[Items listed in a dataset]
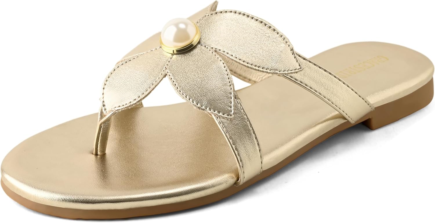 Flat Sandals for Women Pearl Slides Flower Flip Flops Review flip flops
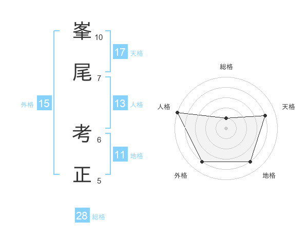 峯尾 考正さんの天格は17画の4点!
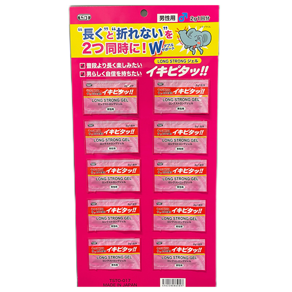 男の武器!”長く”と”折れない”を2つ同時に!ナイトライフをWでサポートしてくれる男性用ジェル「イキピタッ?」が新登場。イザという時の直前にサッとひと塗りすれば普段よりも楽しめるロングプレイとパートナーを満足させる男性力もWをサポート。1回分の使い切りタイプだから持ち運びにも便利!ジェルは無色透明で伸びが良いなめらかな使い心地になっておりほぼ無臭です。完全国内生産だから安心してお使い頂けます。2g×10個綴り
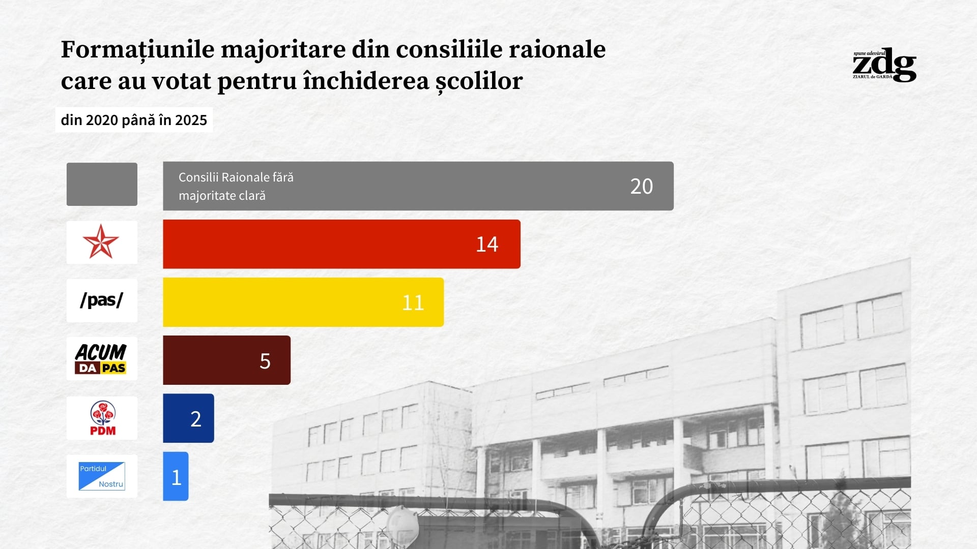 Datele analizate de ZdG arată însă contrariul. În realitate, PSRM, formațiune cu viziuni pro-ruse, domină lista consiliilor raionale care au votat pentru închiderea școlilor în ultimii cinci ani. În această perioadă, 14 consilii raionale cu majoritate PSRM au aprobat decizii de închidere, fiind urmate de cele controlate de PAS – 11 la număr. Blocul ACUM a fost responsabil pentru 5 astfel de decizii, PDM – pentru 2, iar Partidul Nostru – pentru o decizie. În restul cazurilor, închiderile au fost decise de consilii cu componențe mixte, fără o majoritate politică clară. Datele arată că închiderea școlilor este un fenomen mult mai larg, transpartinic, care se manifestă în raioane conduse de partide diferite, inclusiv de cele care promovează acum narațiunea că „guvernarea închide școlile”.
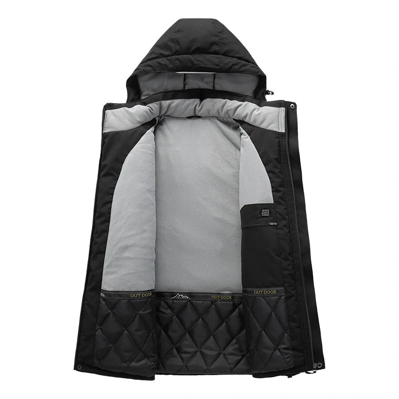 Winter Smart Heated Cotton Jacket For Men Warm Plus Velvet Thickened Down Cotton Jacket Heating USB Charging Outdoor Jacket
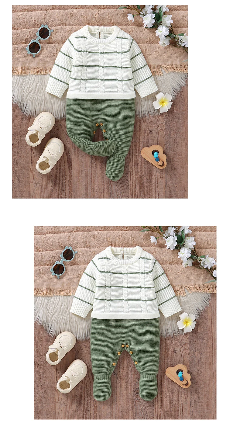Combine este macacão listrado com uma touca de tricot e sapatinhos macios para manter seu bebê quentinho e estiloso, perfeito para fotos ou passeios ao ar livre!
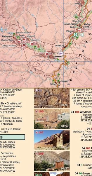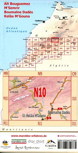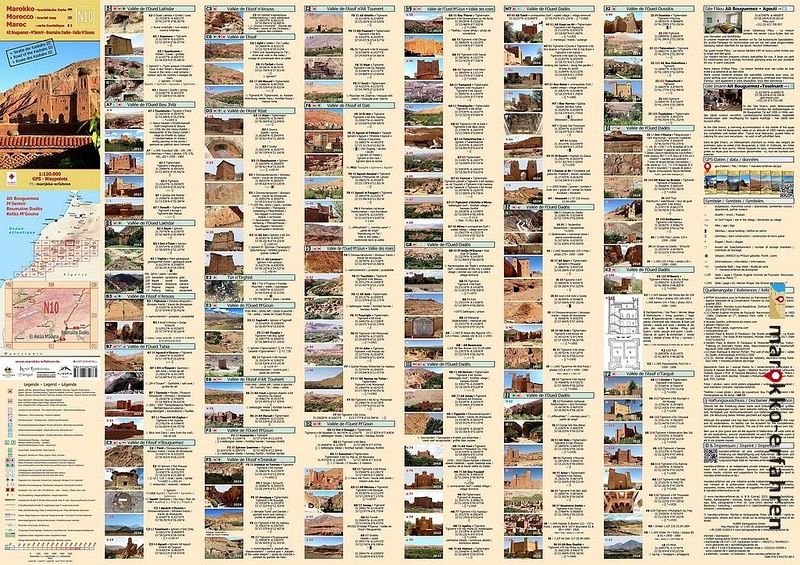 N10: Aït Bouguemez - M'Semrir - Boumalne Dadès - Kelâa M'Gouna + Straße der Kasbahs III + GPS-WaypointDeutsch / Englisch / Französisch  1:120.000   ca. 84 x 59 cm   gefaltet 10,5 x 20 cm   zahlreiche Fotos   Dreisprachige (de. / en. / frz.) äußerst detaillierte touristische Landkarte / Reiseführer von Marokko.Von den über 200 auf der Kartenseite markierten Zielen werden mehr als 150 auf der Reiseführerseite detaillierter beschrieben und sind mit Koordinatenangaben versehen.Mit Hintergrund-Informationen zur Geschichte, zu Besichtigungsmöglichkeiten und weiteren Besonderheiten.- Wanderungen in nahezu unberührter Natur rund um den Jbel M'Goun- Apfelparadies auf fast 1800m Höhe im Aït Bouguemez-Tal- faszinierende Wohnburgen in authentischen Dörfern- Fahrspaß auf der bekannten Serpentinenstraße im Dadès-Tal- Höhlen - einst auch bewohnt - und Quellen nicht nur im Rosen-tal- Ighrem Sidi Mossa in exponierter Lage- beeindruckende Passquerungen durch den Hohen Atlas- Kasbahs in Toundoute, Boumalne Dadès und El-Kelâa M'Gouna- Hinweise auf Beschreibungen von Charles de Foucauld und Werner Wrage- Wochenmarkttage (Souks)Das Blatt wird dominiert von den drei Hauptflüssen im Aït Bouguemez- und im Dadès-Tal sowie im Tal des M'Goun, dessen Unterlauf als Tal der Rosen bezeichnet wird. Eine Ballung an Sehenswürdigkeiten entlang dieser Täler sorgt für eine neue Strukturierung der Ziele auf der Reiseführerseite. Innerhalb der Grenzen des Geoparc UNESCO du M'Goun wird auf interessante Punkte hingewiesen.Ein guter Mix zwischen dicht besiedelten Tälern mit lebhafter Infrastruktur und der Einsamkeit in ländlichen Bereichen lädt zum Verweilen ein. In einer stillgelegten Salzmine im Tal des Oued Tabia überraschen bizarre Salzkristalle. Dinosaurier haben überall ihre Spuren hinterlassen, in manch einer Grotte spürt man noch die Anwesenheit ehemaliger Bewohner.Freunde der Berberarchitektur sind in den Tälern gut aufgehoben. Bauwerke von teils beachtlicherHöhe in verschiedenen Erhaltungszuständen sind dankbare Fotomotive, können teilweise besichtig werden.Auch auf diesem Blatt besticht erneut die Kombination von Sehenswürdigkeiten und herrlicher Natur.Kartographische Beratung durch Prof. Dr. Uwe Ulrich Jäschke, DresdenKonzept und Realisierung www.marokko-erfahren.deWeitere Informationen:www.marokko-erfahren.de/informieren/landkarten-marokko-erfahren/n10-ait-bouguemez-msemrir-boumalne-dades-kelaa-mgouna-strasse-der-kasbahs-iii

THE PROBLEM >>
Each record should be printed again precisely, though not its pictures.

SOLUTION TO THIS TASK >>
 Flat Sandals for Women Pearl Slides Flower Flip Flops Review flip flops
 峯尾 考正さんの天格は17画の4点!
 男の武器!”長く”と”折れない”を2つ同時に!ナイトライフをWでサポートしてくれる男性用ジェル「イキピタッ?」が新登場。イザという時の直前にサッとひと塗りすれば普段よりも楽しめるロングプレイとパートナーを満足させる男性力もWをサポート。1回分の使い切りタイプだから持ち運びにも便利!ジェルは無色透明で伸びが良いなめらかな使い心地になっておりほぼ無臭です。完全国内生産だから安心してお使い頂けます。2g×10個綴り
 Datele analizate de ZdG arată însă contrariul. În realitate, PSRM, formațiune cu viziuni pro-ruse, domină lista consiliilor raionale care au votat pentru închiderea școlilor în ultimii cinci ani. În această perioadă, 14 consilii raionale cu majoritate PSRM au aprobat decizii de închidere, fiind urmate de cele controlate de PAS – 11 la număr. Blocul ACUM a fost responsabil pentru 5 astfel de decizii, PDM – pentru 2, iar Partidul Nostru – pentru o decizie. În restul cazurilor, închiderile au fost decise de consilii cu componențe mixte, fără o majoritate politică clară. Datele arată că închiderea școlilor este un fenomen mult mai larg, transpartinic, care se manifestă în raioane conduse de partide diferite, inclusiv de cele care promovează acum narațiunea că „guvernarea închide școlile”.
 Winter Smart Heated Cotton Jacket For Men Warm Plus Velvet Thickened Down Cotton Jacket Heating USB Charging Outdoor Jacket
Combine este macacão listrado com uma touca de tricot e sapatinhos macios para manter seu bebê quentinho e estiloso, perfeito para fotos ou passeios ao ar livre!
 N10: Aït Bouguemez - M'Semrir - Boumalne Dadès - Kelâa M'Gouna + Straße der Kasbahs III + GPS-WaypointDeutsch / Englisch / Französisch  1:120.000   ca. 84 x 59 cm   gefaltet 10,5 x 20 cm   zahlreiche Fotos   Dreisprachige (de. / en. / frz.) äußerst detaillierte touristische Landkarte / Reiseführer von Marokko.Von den über 200 auf der Kartenseite markierten Zielen werden mehr als 150 auf der Reiseführerseite detaillierter beschrieben und sind mit Koordinatenangaben versehen.Mit Hintergrund-Informationen zur Geschichte, zu Besichtigungsmöglichkeiten und weiteren Besonderheiten.- Wanderungen in nahezu unberührter Natur rund um den Jbel M'Goun- Apfelparadies auf fast 1800m Höhe im Aït Bouguemez-Tal- faszinierende Wohnburgen in authentischen Dörfern- Fahrspaß auf der bekannten Serpentinenstraße im Dadès-Tal- Höhlen - einst auch bewohnt - und Quellen nicht nur im Rosen-tal- Ighrem Sidi Mossa in exponierter Lage- beeindruckende Passquerungen durch den Hohen Atlas- Kasbahs in Toundoute, Boumalne Dadès und El-Kelâa M'Gouna- Hinweise auf Beschreibungen von Charles de Foucauld und Werner Wrage- Wochenmarkttage (Souks)Das Blatt wird dominiert von den drei Hauptflüssen im Aït Bouguemez- und im Dadès-Tal sowie im Tal des M'Goun, dessen Unterlauf als Tal der Rosen bezeichnet wird. Eine Ballung an Sehenswürdigkeiten entlang dieser Täler sorgt für eine neue Strukturierung der Ziele auf der Reiseführerseite. Innerhalb der Grenzen des Geoparc UNESCO du M'Goun wird auf interessante Punkte hingewiesen.Ein guter Mix zwischen dicht besiedelten Tälern mit lebhafter Infrastruktur und der Einsamkeit in ländlichen Bereichen lädt zum Verweilen ein. In einer stillgelegten Salzmine im Tal des Oued Tabia überraschen bizarre Salzkristalle. Dinosaurier haben überall ihre Spuren hinterlassen, in manch einer Grotte spürt man noch die Anwesenheit ehemaliger Bewohner.Freunde der Berberarchitektur sind in den Tälern gut aufgehoben. Bauwerke von teils beachtlicherHöhe in verschiedenen Erhaltungszuständen sind dankbare Fotomotive, können teilweise besichtig werden.Auch auf diesem Blatt besticht erneut die Kombination von Sehenswürdigkeiten und herrlicher Natur.Kartographische Beratung durch Prof. Dr. Uwe Ulrich Jäschke, DresdenKonzept und Realisierung www.marokko-erfahren.deWeitere Informationen:www.marokko-erfahren.de/informieren/landkarten-marokko-erfahren/n10-ait-bouguemez-msemrir-boumalne-dades-kelaa-mgouna-strasse-der-kasbahs-iii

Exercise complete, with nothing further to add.